Variables and measurements

Variables were identified from the 2011–12 THMIS individual questionnaires and selected based on previous literature. The outcome variable of interest was maternal health services utilization. Three items from the THMIS individual questionnaire were used to measure it. They include: timing of the first antenatal care visit, completing the recommended number of ANC visits, and giving birth at a health facility under skilled care. Timing of the first ANC visit is recommended during the first trimester. Four spaced visits are the minimum number of recommended focused ANC visits.
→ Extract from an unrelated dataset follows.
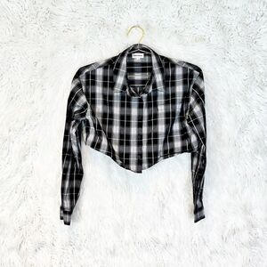 Black and white cropped plaid button down Bobbi top, size small from superdown.

Lastly, a woman is considered as having received skilled birth assistance at delivery if she gave birth in a health facility, under the care of a trained health worker with the necessary skills for assisting with birth [3].

The main independent variable in this study was health insurance coverage. Participants were asked if they have any type of health insurance eliciting a dichotomized response of “Yes” or “No.” Other covariates and confounders in this analysis included socioeconomic and demographic variables. Demographic variables included age clustered in five-year age groups, rural or urban area of residence, education level, marital status, occupation, and wealth status. Number of births in the past five years before the survey was dichotomized into “one child” or “2 or more births.” Tanzania’s regions were regrouped into nine geographical zones, including Eastern, Western, Southern, Southern High, South West Highlands, Central, Northern, Lake and the Zanzibar zone.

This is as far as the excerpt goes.